Monday, February 20, Morning – I do as Billy suggested and covered all bases by going online and opening a resolution case with Airbnb. I submit crime statistics for the neighbor that show the area is 52% more unsafe than any other Tampa neighborhood. No communication from Airbnb.

Tuesday, February 21 – I contact Airbnb to determine the status of my request. I’m told that they have not yet received a response from the hosts. I tweet my frustrations to Airbnb and its CEO. I get a response indicating a case manager will be in touch shortly.

Wednesday, February 22, Morning – Miriam calls to tell me that the hosts have not responded to both email and telephone calls.

Wednesday, February 22, Evening – No more communication by 6:00 PM. I tweet: “Day 4 of no resolution and no refund from Airbnb or slumlord “host” Brian Chesky probably spends my $300 on bottle of wine at dinner tonight.” Shortly thereafter I receive a call from Miriam indicating that the owners had responded to resolution case with additional BS about their neighborhood being safe and refusing to offer any refund or compromise. She tells me that “safety” is not among the hosting standards of Airbnb and it is my word against the owners about crime. I suggest they review the crime statistics I sent. She tells me that I will not be getting a refund or even a partial refund. I go on a rant and asked to speak to a supervisor who can make a decision. Miriam tells me that supervisors don’t talk to customers and that they are only there to guide her.

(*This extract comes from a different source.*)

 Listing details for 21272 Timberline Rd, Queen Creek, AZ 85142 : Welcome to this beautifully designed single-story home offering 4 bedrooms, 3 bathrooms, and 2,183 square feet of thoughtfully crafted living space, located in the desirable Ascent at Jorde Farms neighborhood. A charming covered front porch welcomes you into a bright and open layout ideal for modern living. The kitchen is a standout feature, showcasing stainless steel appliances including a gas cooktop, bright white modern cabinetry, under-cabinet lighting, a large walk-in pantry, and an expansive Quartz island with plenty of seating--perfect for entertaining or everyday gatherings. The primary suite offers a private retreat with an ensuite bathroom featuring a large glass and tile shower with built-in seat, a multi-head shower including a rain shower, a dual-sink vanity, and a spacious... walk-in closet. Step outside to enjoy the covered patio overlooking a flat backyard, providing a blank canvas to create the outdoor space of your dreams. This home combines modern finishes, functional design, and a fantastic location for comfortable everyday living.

My gasket is blown. It’s not enough money to sue over. My credit card company says it may or may not allow me to challenge the charge. The paperwork is extensive, has to be notarized, and may take 30 days to get an answer. This morning I sit here, for the first time in my life, contemplating contacting one of several Tampa-area consumer reporters who I’m sure would love to take on Airbnb. Does anybody have Keith Morrison’s cell phone number?

Airbnb Host Slammed Door in my Face, No Help Offered

My host “cancelled” by saying something about not speaking English in German and then slamming the door in my face. When I arrived late after walking for over an hour, I could see the lit-up house. I knocked and shouted hello, but the host refused to open the door. I set up my tent in their front yard in subzero temperatures. In the morning they came out to tell me I couldn’t camp on their yard. I tried to say that I paid for the entire house already, but they basically said something in German about not speaking English, then they just slammed the door in my face. For hours upon hours I tried to reach Airbnb to get my service fee refunded. I am also completely screwed by having my vacation ruined since the dates and locations were planned according to my reservation. I still had to attend a conference in the area, but with no place to stay.

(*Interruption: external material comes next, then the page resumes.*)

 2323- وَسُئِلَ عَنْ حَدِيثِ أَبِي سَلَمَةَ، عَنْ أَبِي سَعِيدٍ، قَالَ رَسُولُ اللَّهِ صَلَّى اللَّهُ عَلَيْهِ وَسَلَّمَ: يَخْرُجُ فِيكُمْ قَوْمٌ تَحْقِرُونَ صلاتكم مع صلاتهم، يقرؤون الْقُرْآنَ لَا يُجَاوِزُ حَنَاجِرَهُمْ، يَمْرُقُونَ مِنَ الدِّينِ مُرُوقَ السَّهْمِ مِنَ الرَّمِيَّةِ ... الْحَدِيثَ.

Now I am homeless, in a half-broken tent in sub-zero temperatures because Airbnb took five days to refund my money. The service fee and currency conversion fee will probably never be paid back and I have tried many many times to file claims with all kinds of subjects in the header, including “EMERGENCY”. Five days after filing a claim (which took hours – it is close to impossible to email, chat or get in contact with a human being) I was contacted by an agent. He offered no help at all, apart from booking a new place for my two remaining days (unclear if this would be free of charge). However, I had already made arrangements at that point, and couldn’t risk having to pay for those two days either way. All in all, there was no help, no compensation offered, and the host is still up for business. Airbnb cares more about making cents on the dollar than people running the risk of losing fingers in the cold. Airbnb may be cheap and lucrative, but do you want to risk freezing to death? If there is any problem, what will you do? It is impossible to get in contact with a human being. The only support available (as far as I could tell) is totally worthless enough it makes me wonder if people created it as a bad joke to those stranded.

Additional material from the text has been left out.